Tentu saja pemuda itu cepat membalas penghormatan mereka dengan
memutar-mutar tubuhnya sambil berkata tersipu-sipu, "Aahhh, harap Cuwi
(Anda sekalian) jangan berlebihan..."
"Kwa-taihiap, aku Ouw Kong Ek sudah mengaku kalah. Harap Taihiap suka
mengajarkan ilmu pengobatan itu agar kami dapat terbebas dari hawa
beracun yang banyak terdapat di pulau ini. Setelah aku paham, kami akan
mempersilakan Taihiap dan Han-lihiap (Pendekar Wanita Han) meninggalkan
pulau ini dengan aman."
"Baik, Ouw-tocu. Aku akan melakukan penyelidikan tentang racun-racun di pulau ini dan berusaha mencarikan obat penawanya."

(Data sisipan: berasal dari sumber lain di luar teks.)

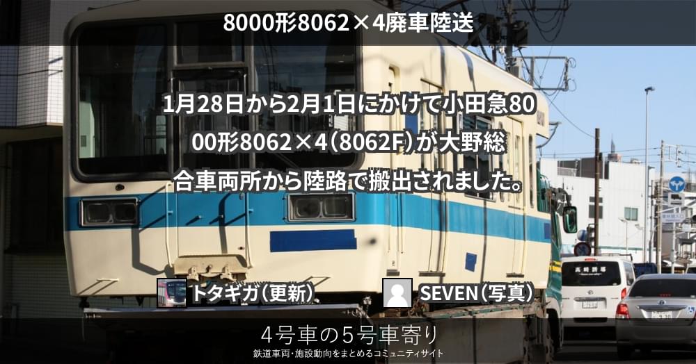 1月28日から2月1日にかけて小田急8000形8062×4(8062F)が大野総合車両所から陸路で搬出されました。

Soan Cu berlari menghampiri Sin Liong dan berkata, "Sin Liong, kau hebat
sekali! Aku sungguh kagum kepadamu," sambil berkata demikian, Soan Cu
memegang kedua tangan Sin Liong dan mengangkat muka memandang wajah Sin
Liong penuh kekaguman.
"Ahhh, engkau terlalu memuji, Soan Cu. Sebetulnya adalah Kongkong-mu
yang sengaja mengalah kepadaku," kata Sin Liong, dan mukanya menjadi
merah.
Dia maklum bahwa Soan Cu seorang dara remaja yang berhati polos dan
wajar, maka di depan semua orang tanpa segan-segan menyatakan
kekagumannya dan memegang kedua tangannya begitu saja. Akan tetapi hal
ini tentu saja menimbulkan anggapan salah, dan dia sudah melihat betapa
Swat Hong membuang muka dengan wajah diselubungi kemarahan, bahkan
akhirnya dara itu lalu membalikan tubuh dan berlari pergi!
Sampai tiga bulan lamanya Sin Liong dan Swat Hong di Pulau Neraka.
Dengan teliti dan hati-hati Sin Liong melakukan penyelidikan tentang
segala macam racun yang terdapat di pulau itu. Kemudian dia mencarikan
obat penawarnya dan menulis serta melukiskan nama dan bentuk daun, akar,
bunga, atau buah yang berkhasiat sebagai penawar racun-racun itu.
Sibuklah ketua Pulau Neraka, dan para pembantunya mencarikan bahan-bahan
obat itu dan setelah tiga bulan, barulah lengkap catatan Sin Liong.